Output Knowledge Created

This message produced several forms of knowledge. The immediate output was a deployed systemd service on CT129 that systemd reported as "active." More importantly, the message created negative knowledge: it demonstrated that even with CUDA graphs disabled and a reduced memory footprint, the DDTree shadow service could not achieve a healthy state on CT129's A6000 GPUs. This negative result was valuable — it ruled out a straightforward fix and pointed toward deeper issues.

The message also produced operational knowledge about the deployment workflow. The assistant had established a pattern: create a local service file, scp it to the remote host, reload systemd, start the service, check status, then verify health via HTTP. This pattern was executed three times in rapid succession, each iteration refining the configuration based on the previous failure mode. The speed of iteration — minutes between attempts — reflects the assistant's ability to diagnose, hypothesize, and test without human intervention.

The Thinking Process

The reasoning visible in the surrounding messages reveals a systematic diagnostic approach. After the first failure (memory), the assistant correctly identified the constraint and reduced the serving envelope. After the second failure (CUDA graph), it searched the codebase for relevant flags rather than guessing. The creation of the -nograph variant was a targeted response to specific evidence.

However, the thinking also reveals a gap: the assistant did not consider that the disable_cuda_graph flag might be ignored or unsupported in the specific nightly build. The subsequent journal logs ([msg 11046]) showed exactly this — the process printed "disable_cuda_graph is ignored for piecewise cuda graph" and then crashed with a Triton error during CUDA graph capture, proving that the flag was not actually taking effect. The assistant had assumed the flag would work as documented in the source code, but the runtime behavior differed.

Mistakes and Incorrect Assumptions

The primary mistake was treating systemctl is-active as a health check rather than a process-start check. A more robust deployment would have waited for the HTTP endpoint to become responsive before declaring success. The assistant's own earlier pattern in [msg 11034] and [msg 11037] used a polling loop with a 10-minute deadline — but in this message, it accepted the instantaneous active status and moved on.

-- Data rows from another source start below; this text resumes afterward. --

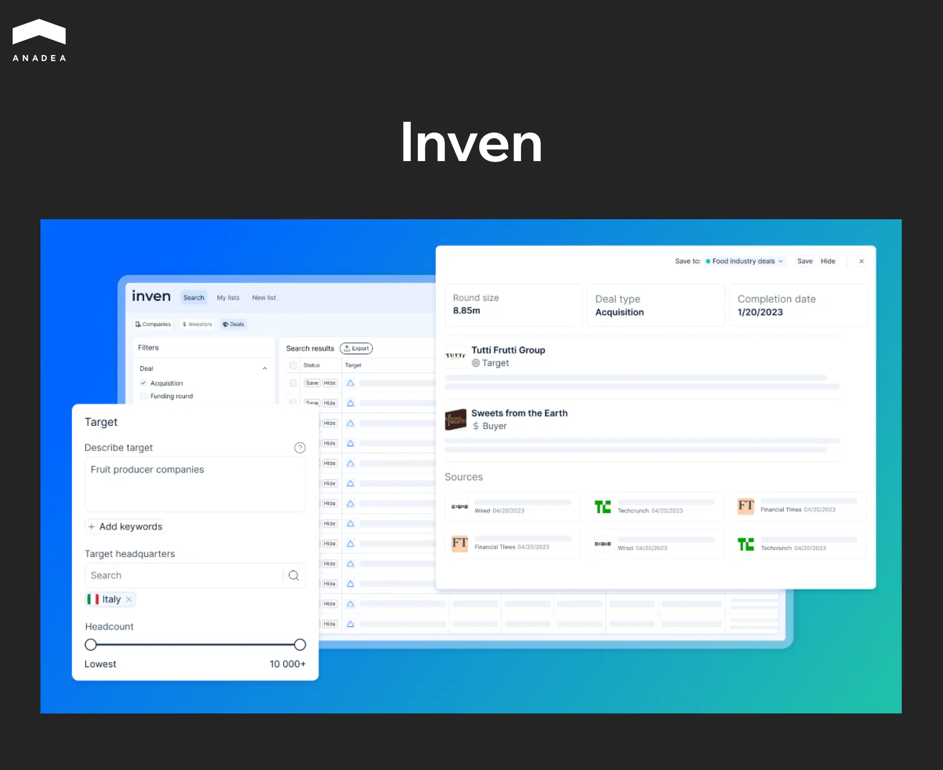 Inven is an AI-native deal sourcing platform founded in 2022 in Helsinki, Finland, by former consultants from McKinsey and BCG. It is designed for private equity firms, investment banks, M&A teams, consultants, and VCs. It helps them analyze and connect with acquisition targets and companies in the private markets.
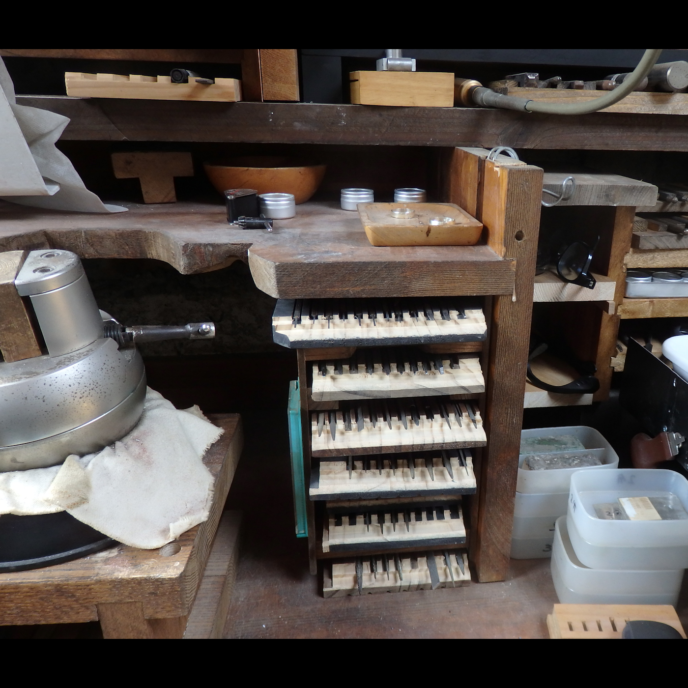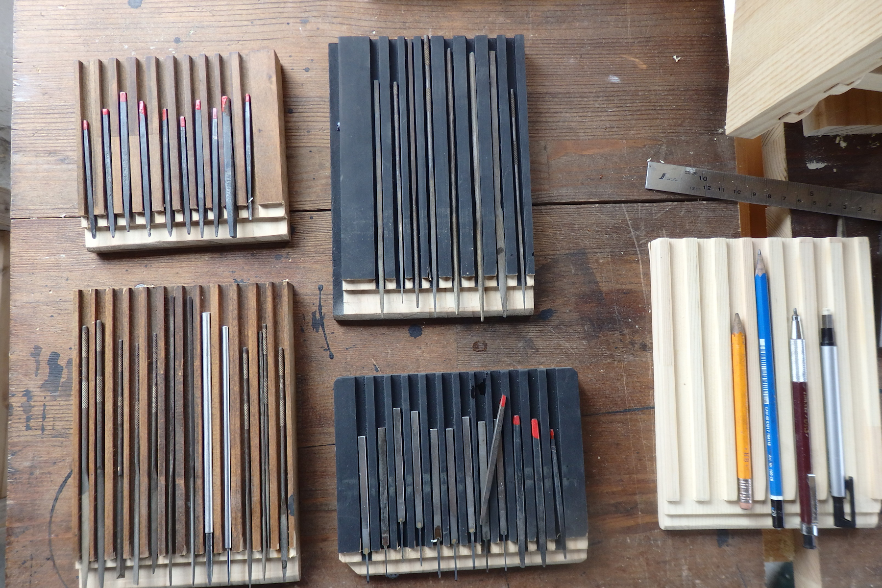作業効率をよくするために道具置きは重要です。特に道具が多い作業にすぐに探せる配置が必要です。私自身もタガネとヤスリの種類が増えてきて、毎度探すのに時間を取られますし、最悪なのは作業が中断してしまうことです。なのでタガネ置きとヤスリ置きに工夫をこらしました。
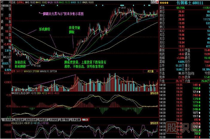 大熊股是漲出來的,大牛股是跌出來的,這一現(xiàn)象往往演繹得更為極端。利用“物極必反,否極泰來”的股市規(guī)律,把握跌出來的大牛股是一大操作技巧。目前許多底部藍(lán)籌股具有“一腳踢出大黑馬一足形底”的獨(dú)特技術(shù)形態(tài),前期重點(diǎn)捕捉推薦的大黑馬包鋼稀土(600111),這是這一技術(shù)的實(shí)戰(zhàn)運(yùn)用,“一腳踢出大黑馬”足形底的形態(tài)要點(diǎn):

A secondary issue was the lack of verification that the service file was syntactically correct and that all flags were recognized by the installed SGLang version. The --disable-cuda-graph flag may have been added in a different commit than the nightly build installed on CT129, or it may have been overridden by other configuration logic.

Conclusion

Message 11044 is a pivotal moment in a debugging sequence that ultimately revealed that CT129's A6000 GPUs could not support the DDTree shadow deployment under any tested configuration. The message captures the third iteration of a rapid diagnostic loop, where each failure informed the next hypothesis. While the deployment ultimately did not succeed on CT129, the knowledge gained — about memory constraints, CUDA graph incompatibilities, and the limits of systemd status as a health metric — directly informed the subsequent pivot to CT200, where the DDTree service was successfully deployed with a 24% throughput improvement over the linear baseline. This message, in its deceptive simplicity, encodes the entire arc of that diagnostic journey.